■ **Exercise details**: Look in the data below for the line that has "OSTRZEŻENIA METEOROLOGICZNE ZBIORCZO", then print exactly every line from there through the line that has "Broche rectangulaire à", leaving pictures out.

■ **Data to process**:

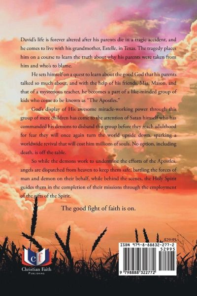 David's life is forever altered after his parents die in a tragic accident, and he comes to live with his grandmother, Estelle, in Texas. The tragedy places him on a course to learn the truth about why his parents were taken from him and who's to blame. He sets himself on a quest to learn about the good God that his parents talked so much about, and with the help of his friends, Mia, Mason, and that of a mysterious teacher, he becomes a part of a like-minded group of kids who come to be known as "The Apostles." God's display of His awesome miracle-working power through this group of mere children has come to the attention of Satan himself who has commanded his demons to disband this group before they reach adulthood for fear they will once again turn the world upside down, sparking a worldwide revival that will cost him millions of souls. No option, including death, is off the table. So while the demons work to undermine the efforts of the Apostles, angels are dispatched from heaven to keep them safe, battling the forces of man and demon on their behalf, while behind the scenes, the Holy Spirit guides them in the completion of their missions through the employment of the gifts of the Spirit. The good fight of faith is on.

==

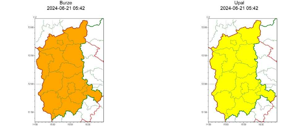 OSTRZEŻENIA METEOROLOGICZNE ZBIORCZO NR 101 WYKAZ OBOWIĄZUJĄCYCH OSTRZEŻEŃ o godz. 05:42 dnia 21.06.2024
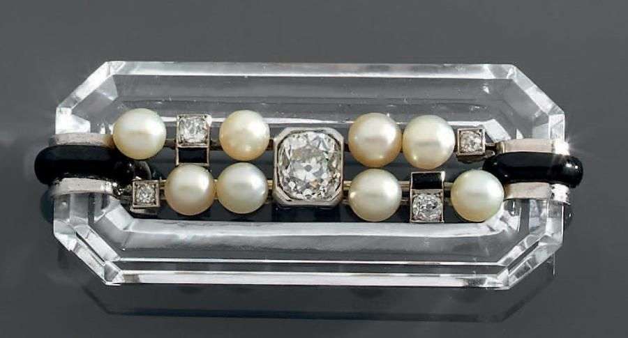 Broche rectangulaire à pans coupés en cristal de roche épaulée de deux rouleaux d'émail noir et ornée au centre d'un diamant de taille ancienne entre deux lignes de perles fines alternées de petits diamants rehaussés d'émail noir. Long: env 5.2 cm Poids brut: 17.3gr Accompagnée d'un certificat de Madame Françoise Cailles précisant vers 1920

■ **Reply**:
 OSTRZEŻENIA METEOROLOGICZNE ZBIORCZO NR 101 WYKAZ OBOWIĄZUJĄCYCH OSTRZEŻEŃ o godz. 05:42 dnia 21.06.2024
 Broche rectangulaire à pans coupés en cristal de roche épaulée de deux rouleaux d'émail noir et ornée au centre d'un diamant de taille ancienne entre deux lignes de perles fines alternées de petits diamants rehaussés d'émail noir. Long: env 5.2 cm Poids brut: 17.3gr Accompagnée d'un certificat de Madame Françoise Cailles précisant vers 1920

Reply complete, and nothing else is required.